NATSO joined more than 10 retail trade associations in sending a letter to the Federal Trade Commission (FTC) outlining the groups' principles on data security standards and consumer notification requirements in the event of breaches of sensitive data. The letter was in response to the FTC's request for input on the current state of competition and consumer protection law.
Considering the widespread risk of data breaches afflicting all American industries and public institutions, the groups outlined for the FTC four key principles that should govern any federal data security and breach notification policy:
1) Establish Uniform Nationwide Law -- With a patchwork of inconsistent breach laws in effect throughout the different states, there is no reason to enact federal legislation in this area unless it preempts the existing laws to establish a uniform, nationwide standard so that every business and consumer knows the singular rules of the road.

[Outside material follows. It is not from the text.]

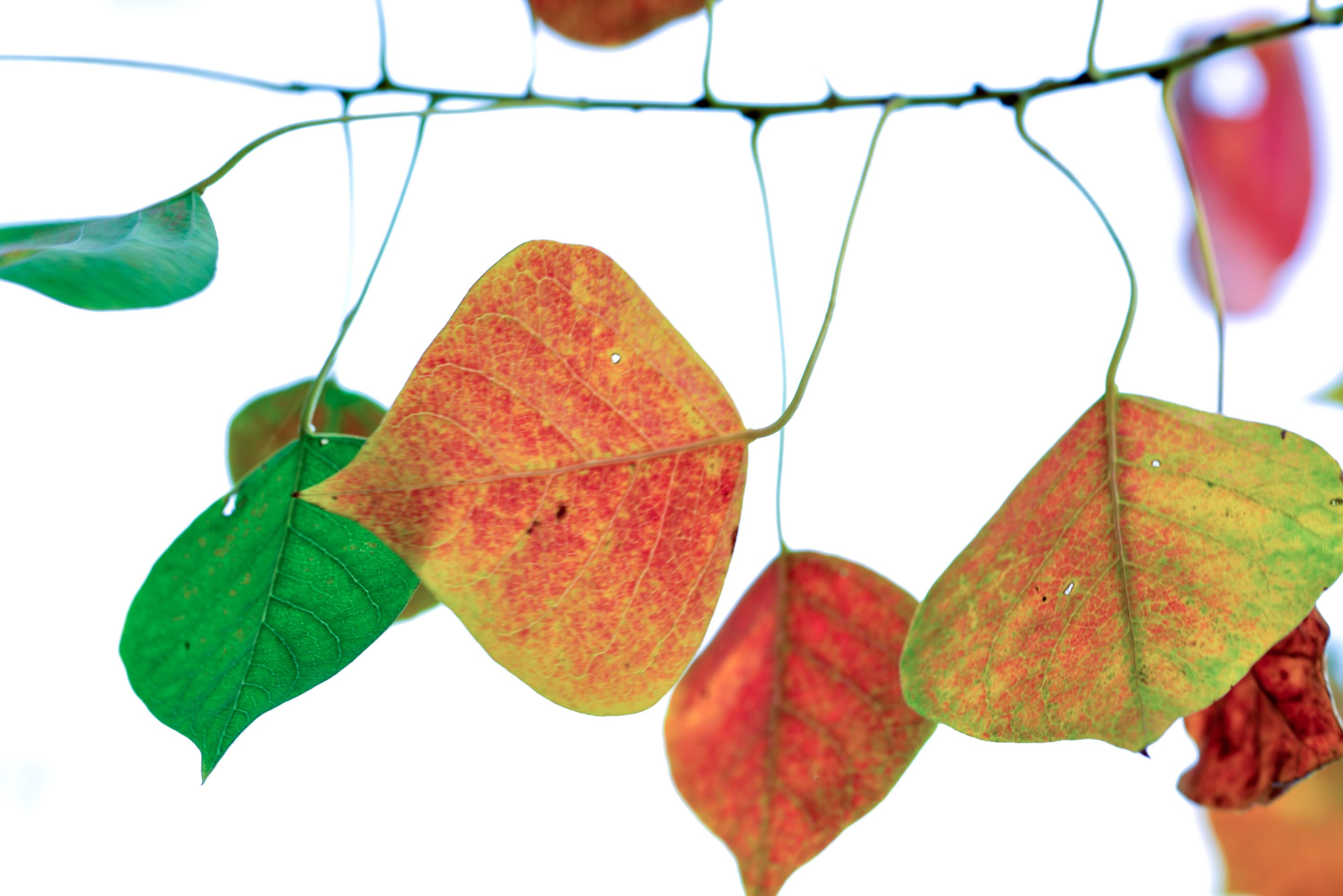 木子树(拉丁学名:Sapium sebiferum (L.) Roxb.)叶入秋后就变红了,挂在很细的枝条下的各种颜色和姿态的叶,就像五线谱中的音符,它们标示着秋天到来了。Muzi tree (Latin name: Sapium sebiferum (L.) Roxb.) after the autumn leaves turn red, hanging on a very thin branches of leaves of various colors and attitude, just like the notes read music, they marked the arrival of autumn.
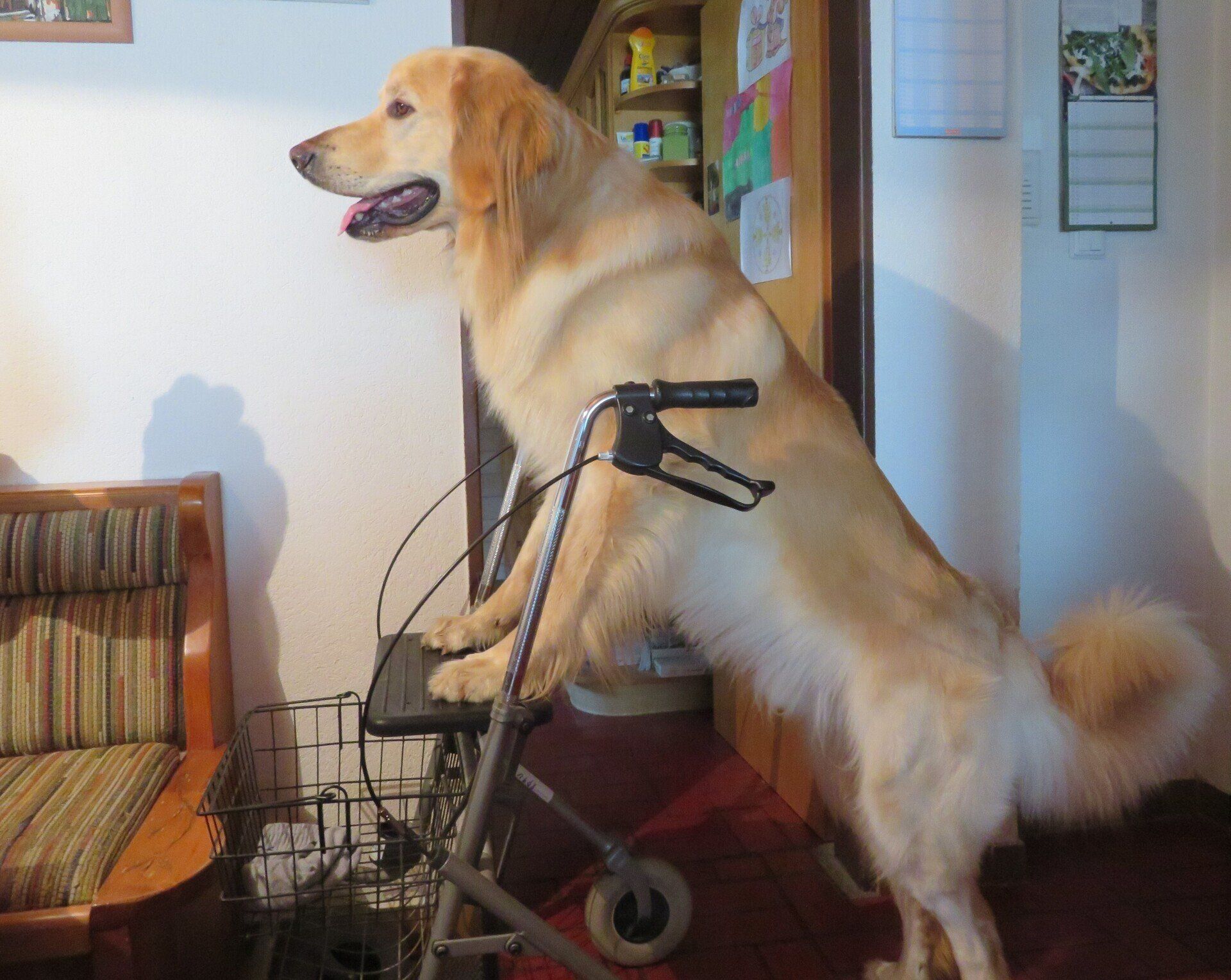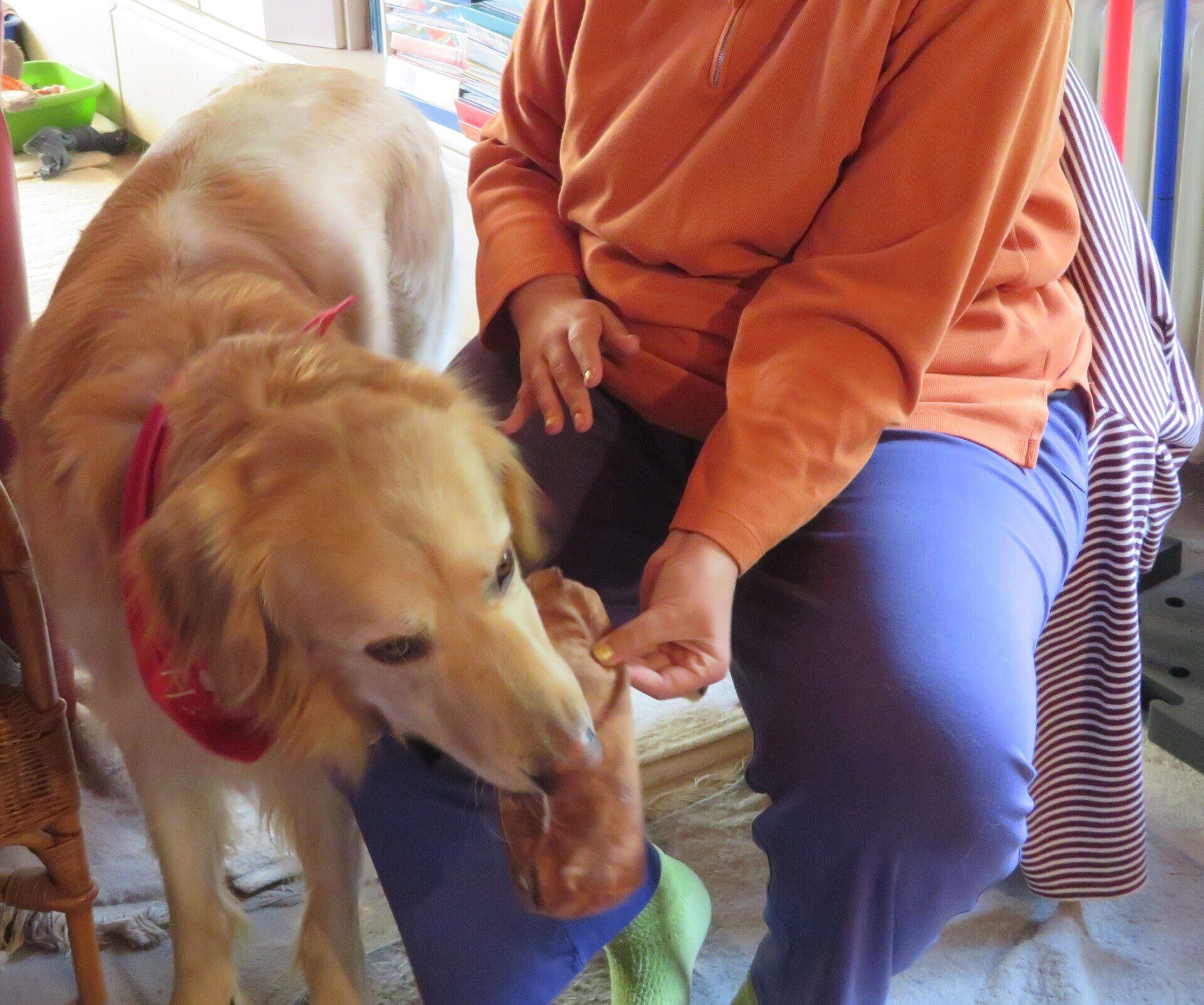 Ich werde an alles mögliche gewöhnt: an Krücken, Rollator, Rollstuhl, Greifzange in möglichen und unmöglichen Positionen, lerne anständig ein Leckerchen aus der Hand, vom Handschuh oder vom Löffel zu nehmen, ich werde heftig durchgeknuddelt an allen Körperstellen, ziehe sogar selbst Söckchen an. Ich kann sogar bei Frauchen oder Tamara oder irgendwem Socken ausziehen....und bringe sie dann in den Wäschekorb.....ich apportiere ja so gerne!!

One federal law applying to all breached entities would ensure clear, concise and consistent notices to all affected consumers regardless of where they live or where the breach occurs.
2) Promote Reasonable Data Security Standards -- Data security requirements applicable to a broad array of U.S. businesses should be based on a standard of reasonableness. A reasonable data security standard, consistent with federal consumer protection laws applicable to businesses of all types and sizes, would allow the right degree of flexibility while giving businesses the appropriate level of guidance they need to comply.
3) Maintain Appropriate FTC Enforcement Regime -- Federal agencies should not be granted overly-punitive enforcement authority that exceeds current legal frameworks.
4) Ensure All Breached Entities Have Notice Obligations -- Businesses in every affected industry sector should have an obligation to notify consumers when they suffer a breach of sensitive personal information that creates a risk of identity theft or financial harm. Informing the public of breaches can help consumers take steps to protect themselves from potential harm. It also creates greater incentives for all businesses handling sensitive personal information to improve their data security practices. Creating exemptions for particular industry sectors or allowing breached entities to shift their notification burdens onto others -- as some in the financial services sector have proposed -- will weaken the effectiveness of federal policy, undermine consumer confidence, ignore the scope of the problem, and create loopholes that criminals can exploit.